Segment Start: DATA SECTION

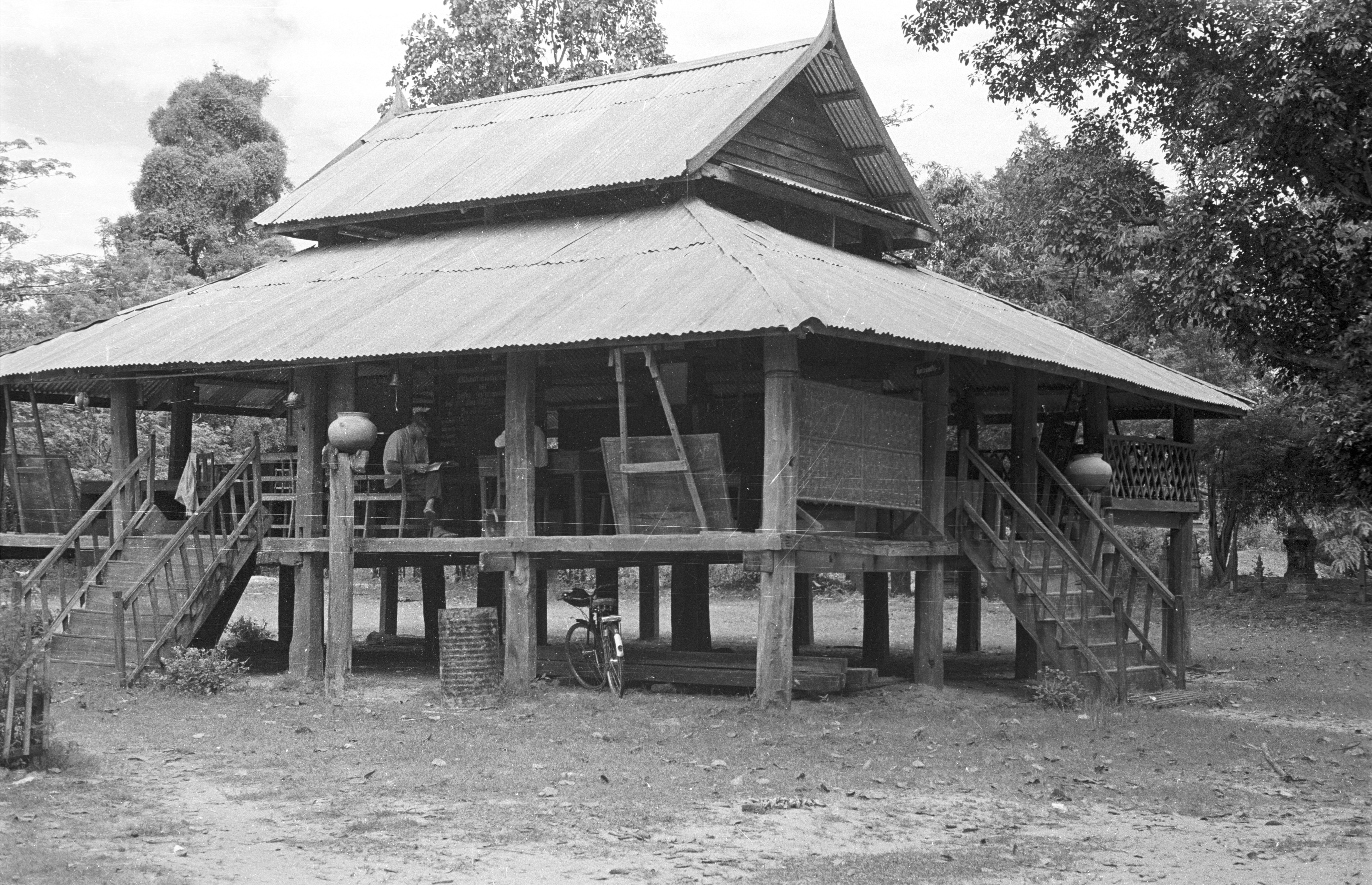 Sālā wat / school, Ban Nong Tun, Amphoe Muang, Changwat Maha Sarakham, Thailand, September 1963
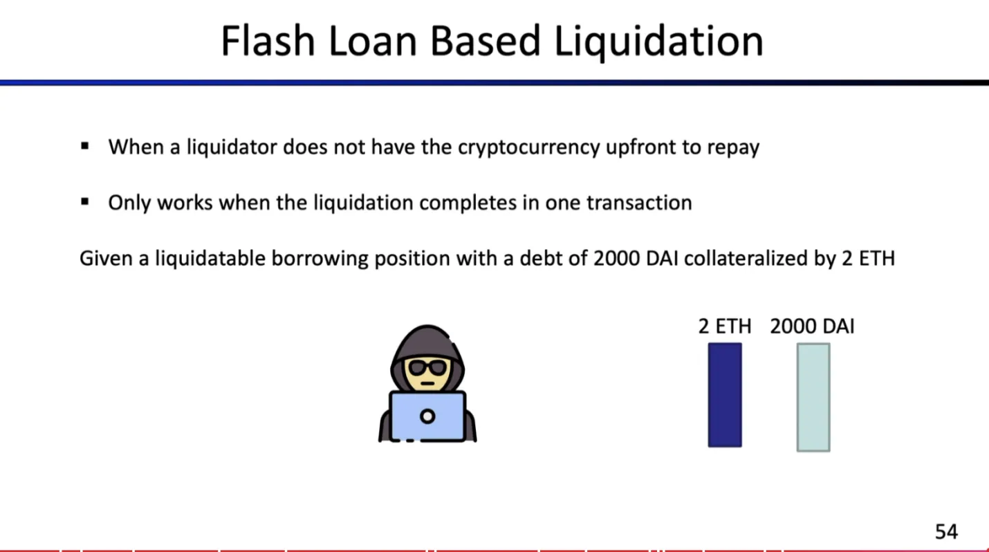 - 操作流程:清算者偿还部分借款(如 DAI);随后获得抵押物(如 ETH),享受折价(通常 5%-15%,Aave 为例),并全部在一次原子交易(atomic transaction)内完成,保证交易执行,不依赖信任
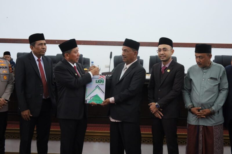 TLii..Bupati Pidie Jaya H. Sibral Malasyi MA, S.Soso, ME didampingi Wakilnya Hasan Basri, ST.MM, Para Forkompinda, Sekretaris Daerah Dr.Munawar Ibrahim, S.KP.M.PH, Para Asisten, Para Staf Ahli Bupati, Kepala SKPK dan unsur terkaitnya lainnya menyampaikan Laporan Keterangan Pertanggungjawaban (LKPJ) Kepala Daerah Tahun Anggaran 2025 dalam rapat paripurna DPRD sebagai bagian dari kewajiban konstitusional kepala daerah dalam melaporkan hasil penyelenggaraan pemerintahan, pembangunan, dan pelayanan publik selama satu tahun anggaran. Penyampaian LKPJ juga menjadi ruang evaluasi bersama antara eksekutif dan legislatif terhadap capaian pembangunan daerah.
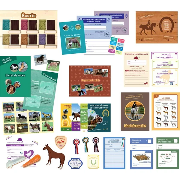 Un jeu pour imaginer le centre équestre de ses rêves. 60 accessoires pour jouer avec sa passion des chevaux : livret du cavalier, passages de galops, licences et registre du club, stickers de chevaux, flots à remettre pour les concours de sauts et d’obstacles…

Segment End: DATA SECTION

◆ GOAL OF THE EXERCISE
Would you please repeat all the data word for word, but without the pictures?

◆ ANSWER FOR THIS EXERCISE
 Sālā wat / school, Ban Nong Tun, Amphoe Muang, Changwat Maha Sarakham, Thailand, September 1963
 - 操作流程:清算者偿还部分借款(如 DAI);随后获得抵押物(如 ETH),享受折价(通常 5%-15%,Aave 为例),并全部在一次原子交易(atomic transaction)内完成,保证交易执行,不依赖信任
 TLii..Bupati Pidie Jaya H. Sibral Malasyi MA, S.Soso, ME didampingi Wakilnya Hasan Basri, ST.MM, Para Forkompinda, Sekretaris Daerah Dr.Munawar Ibrahim, S.KP.M.PH, Para Asisten, Para Staf Ahli Bupati, Kepala SKPK dan unsur terkaitnya lainnya menyampaikan Laporan Keterangan Pertanggungjawaban (LKPJ) Kepala Daerah Tahun Anggaran 2025 dalam rapat paripurna DPRD sebagai bagian dari kewajiban konstitusional kepala daerah dalam melaporkan hasil penyelenggaraan pemerintahan, pembangunan, dan pelayanan publik selama satu tahun anggaran. Penyampaian LKPJ juga menjadi ruang evaluasi bersama antara eksekutif dan legislatif terhadap capaian pembangunan daerah.
 Un jeu pour imaginer le centre équestre de ses rêves. 60 accessoires pour jouer avec sa passion des chevaux : livret du cavalier, passages de galops, licences et registre du club, stickers de chevaux, flots à remettre pour les concours de sauts et d’obstacles…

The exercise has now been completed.